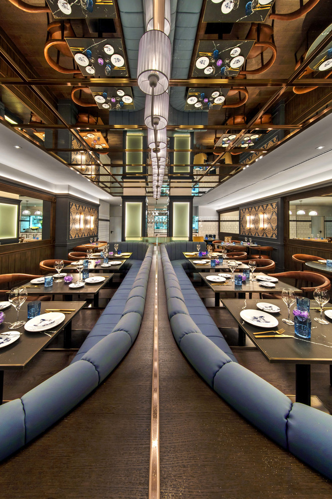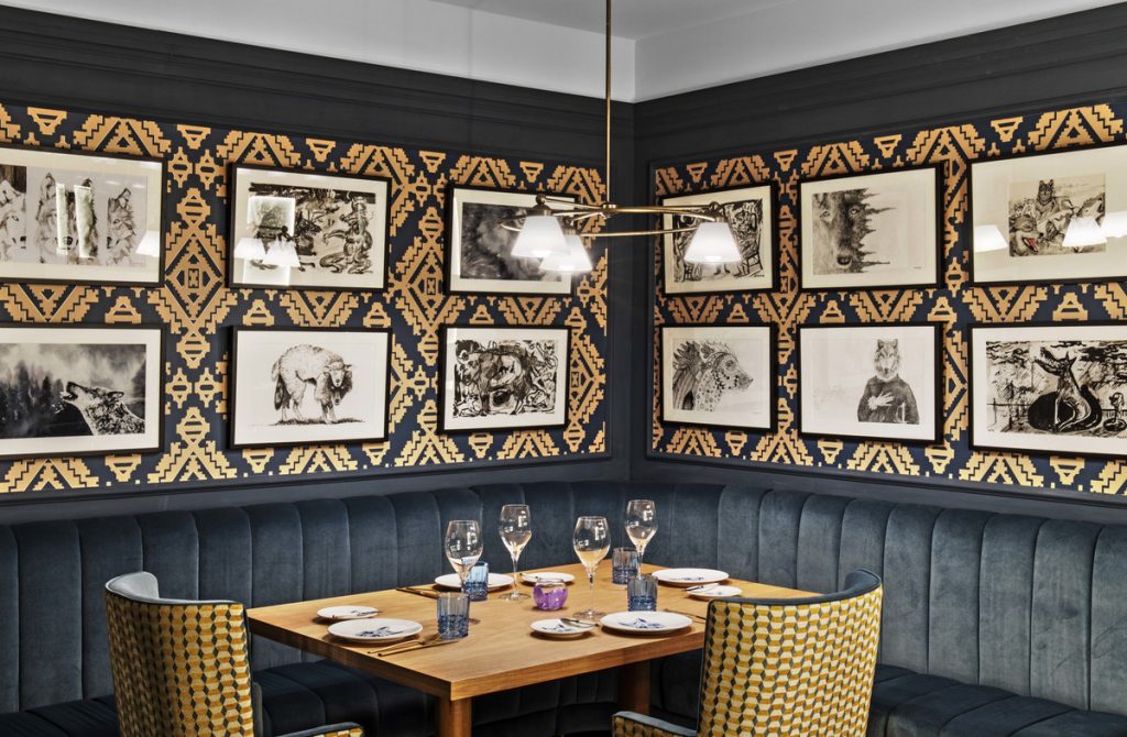 Pero pasemos a la decoración, que es lo que nos ocupa, y descubramos el maravilloso mundo años 20 que ha recreado el estudio Rockwell. Comencemos por el restaurante LOBO 8. Se ha diseñado un espacio clásico que recuerda tiempos pasados. Predomina la madera que le confiere calidez, junto con el terciopelo azul pavo real y el cuero en las butacas. Un ambiente relajado y sofisticado a la vez para un espacio que promete convertirse en un must de la noche madrileña.
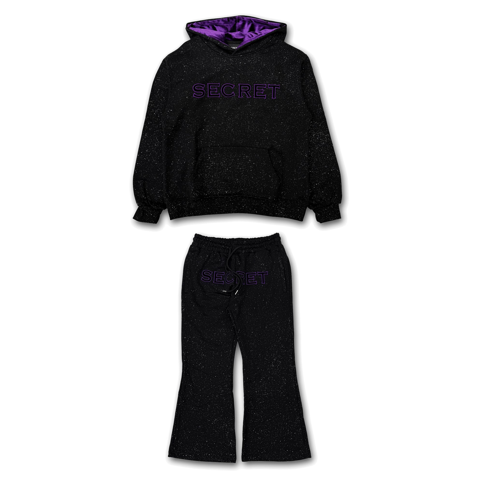 輝きのあるグリッターが散りばめられたスウェットセットアップ。
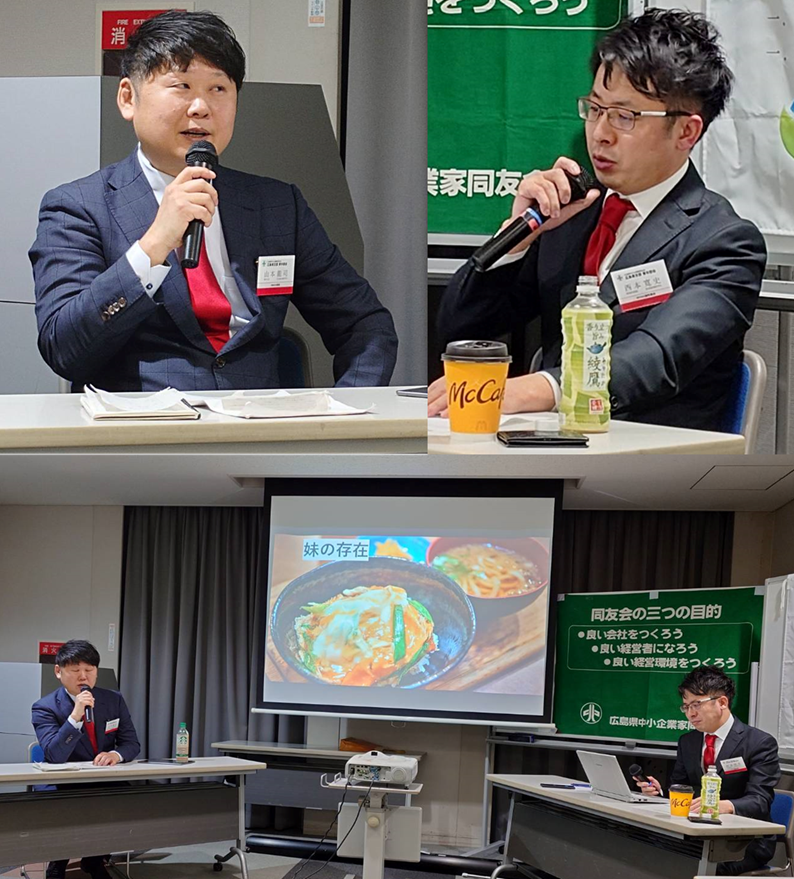 俺がこの店を受け継ぐ・・・・、同友会のみならず広島県でもその名が知れるうどん家「栄家」。入会してたった1年で卒業してしまう山本龍司氏の最初で最後の青年部での報告会。人気店故の苦悩と事業承継後の家族との付き合い方を語り、特別ゲストの妹さんの経営者・山本龍司に対する思いも語ってもらいます。
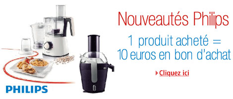 Du 2 au 22 avril 2012 inclus, achetez une nouveauté Philips culinaire et bénéficiez d’un bon de réduction de 10€ à valoir sur votre prochain achat Philips sur toute la boutique Petit électroménager Philips.

• **Exercise description**
Return the listing exactly as it appears, excluding any image.

• **Task solution**
 Pero pasemos a la decoración, que es lo que nos ocupa, y descubramos el maravilloso mundo años 20 que ha recreado el estudio Rockwell. Comencemos por el restaurante LOBO 8. Se ha diseñado un espacio clásico que recuerda tiempos pasados. Predomina la madera que le confiere calidez, junto con el terciopelo azul pavo real y el cuero en las butacas. Un ambiente relajado y sofisticado a la vez para un espacio que promete convertirse en un must de la noche madrileña.
 輝きのあるグリッターが散りばめられたスウェットセットアップ。
 俺がこの店を受け継ぐ・・・・、同友会のみならず広島県でもその名が知れるうどん家「栄家」。入会してたった1年で卒業してしまう山本龍司氏の最初で最後の青年部での報告会。人気店故の苦悩と事業承継後の家族との付き合い方を語り、特別ゲストの妹さんの経営者・山本龍司に対する思いも語ってもらいます。
 Du 2 au 22 avril 2012 inclus, achetez une nouveauté Philips culinaire et bénéficiez d’un bon de réduction de 10€ à valoir sur votre prochain achat Philips sur toute la boutique Petit électroménager Philips.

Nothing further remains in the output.